Data shown:
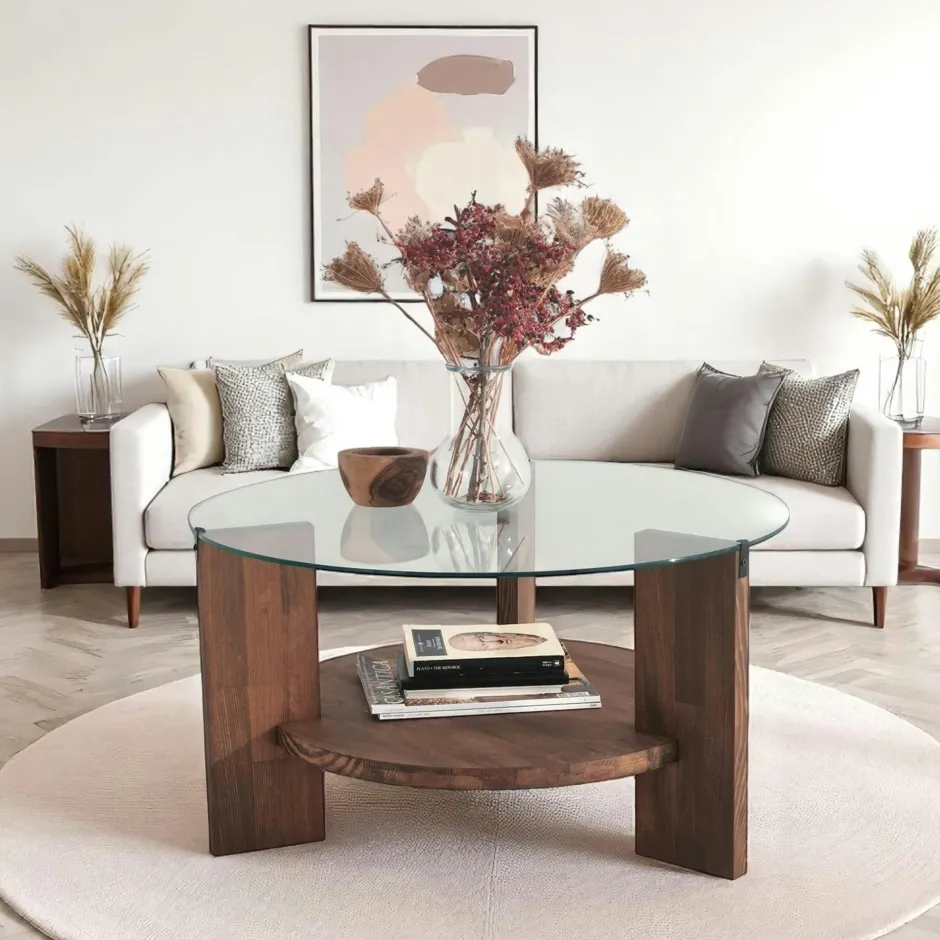 ANZIO Tables Basses En Verre|Tables Basses Rondes|Table basse ronde en verre et bois clair – 2 plateaux
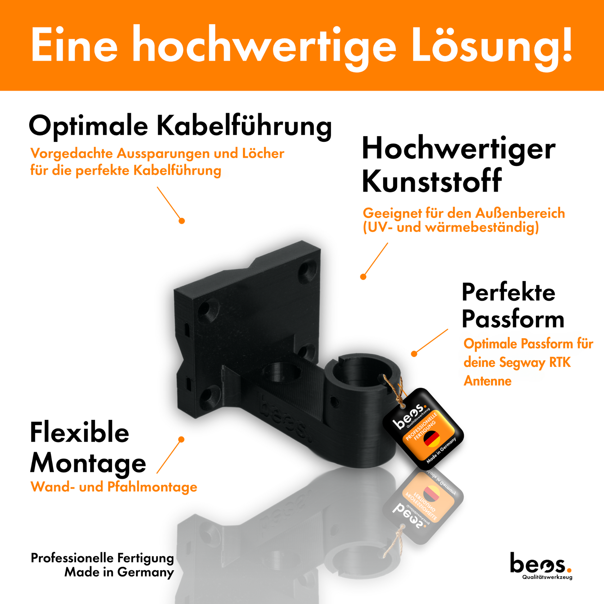 Our brackets are manufactured in Germany. They are characterized by high-quality processed plastic, which is resistant to UV radiation and heat.
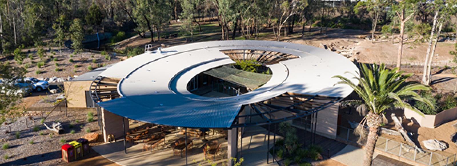 The Waterhole Café is located at the Taronga Western Plains Zoo and is a popular meeting place for zoo visitors to recharge with a snack or meal. Jackson Teece Architects was commissioned to replace existing infrastructure on site with a new building. The resultant design conforms with the natural environment while still being visually striking and dynamic, and providing a functional space where patrons can relax, taking in 360° views of their surroundings. A standout of the build is the innovative use of LYSAGHT LONGLINE 305® in a circular application.

Work request:
Only these lines belong in the answer: the first line of the listing above through the line holding "Our brackets are", printed exactly and without pictures.

Solution for this problem:
 ANZIO Tables Basses En Verre|Tables Basses Rondes|Table basse ronde en verre et bois clair – 2 plateaux
 Our brackets are manufactured in Germany. They are characterized by high-quality processed plastic, which is resistant to UV radiation and heat.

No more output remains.